Queinnec, Christian (2000). The Influence of Browsers on Evaluators or, Continuations to Program Web Servers. ICFP 2000 - International Conference on Functional Programming (Septemer, 200, Montreal, Quebec, CA), p. 23-33.

It seems like the problems to the suggested solution under section 3.3 (Orphan) can be addressed by using frames or iframes in the same window to display two different results. Hence, if we have prior knowledge that a request to a computation produces two results as indicated by the code

 (fork (show page1)
       (begin (sleep 10)  (show page2)))

we can open a window with two frames and display the results in one frame each.

In this case, if a user, unaware of a pending second result, closes the window the second result will not be shown to any "non-vetted users". Also, this makes it easier for a user to expect a second result without having to implement any "smart flashy icon" with JavaScript.
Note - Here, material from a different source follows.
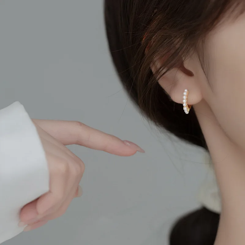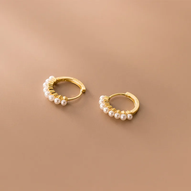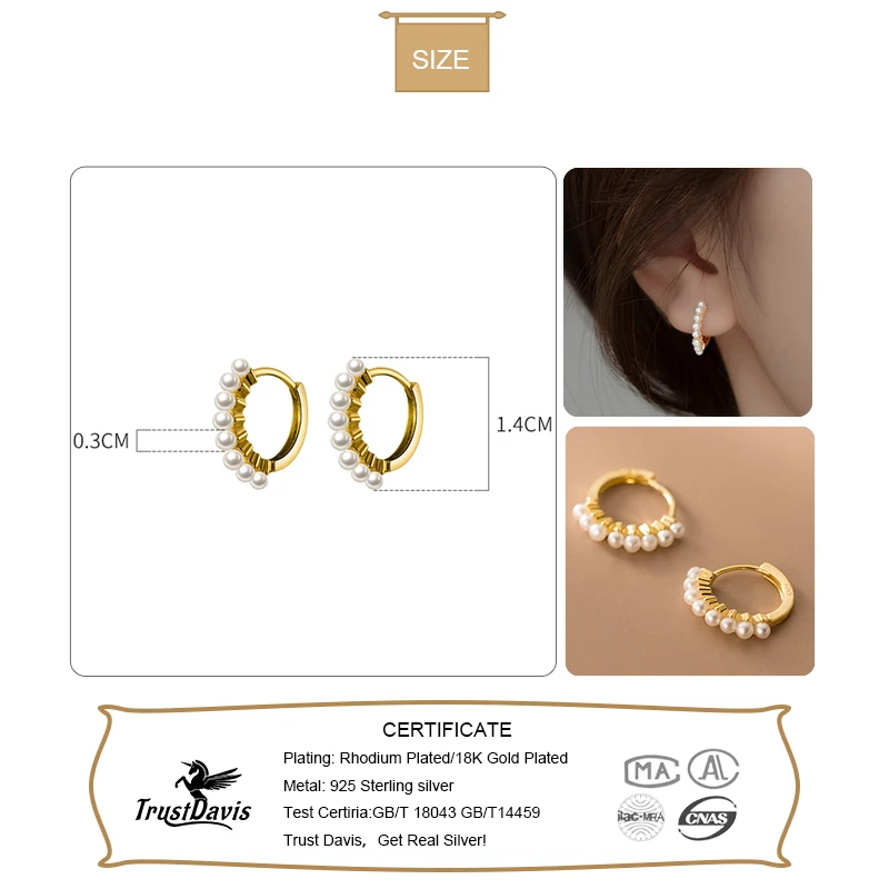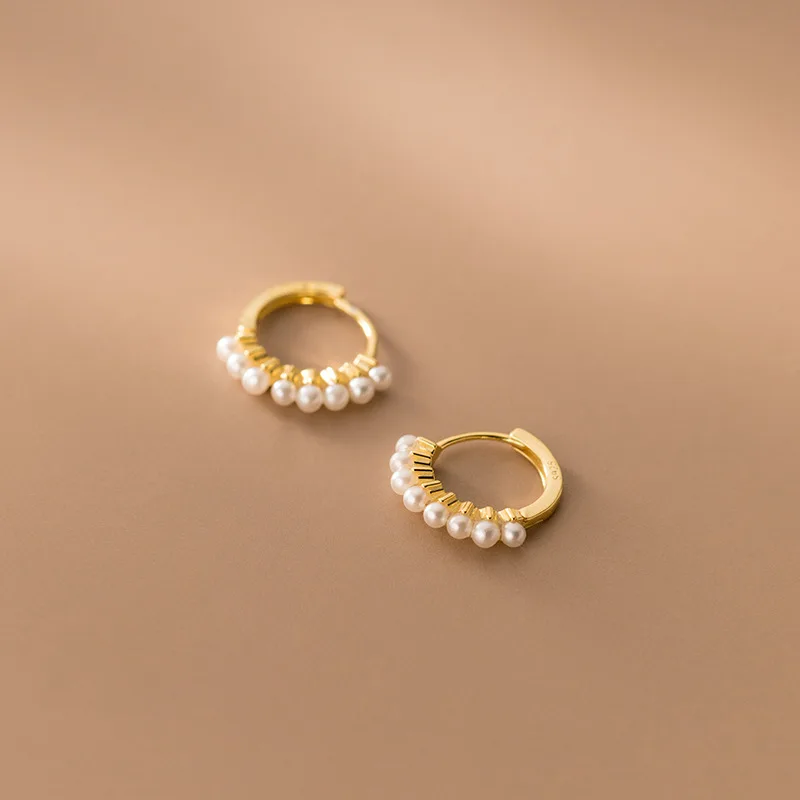 Серьги-кольца женские из серебра 925 пробы с жемчугом, DS1888

You are correct that frames seem like an appropriate alternative solution, unless you really want separate windows. I had thought the same.

Queinnec said, "For instance, game where two players exchange their positions may be implemented by a simple exchange of continuations." The idea of continuations in games seems particularly useful. Do you know if continuations are a common technique used in games? It seems particularly applicable to online gaming or saving the state of a game.

It is my understanding that few systems use continuations. As you've seen from the initial readings, they can seem a bit confusing and sound inefficient. They also assume that the system keeps running. (You can't, for example, write a continuation to disk.)

This reading made me more appreciative of the use of continuations. Reading about critical sections and the use of threads, it seemed to me that these are some of the synchronization issues that also come up when creating operating systems. This may be silly, but are continuations used in developing operating systems?

You were hitting some aspects of the paper that most reflect the Web server aspect, which means multiprocessing. I expect that continuations are not used frequentlyin OS.

Also, how come Java does not support continuations? Is it possible/common for people to simulate continuations in Java by using Java threads?

Continuation use is uncommon in general, outside of the Scheme/Lisp (and, perhaps, Smalltalk) communities. The main problem, as I understand it, is that implementing continuations well means that you should not rely on the standard "One stack + One heap" architecture that most of us were raised to use. You are right that each thread seems to have its own stack, so threads might provide an opportunity.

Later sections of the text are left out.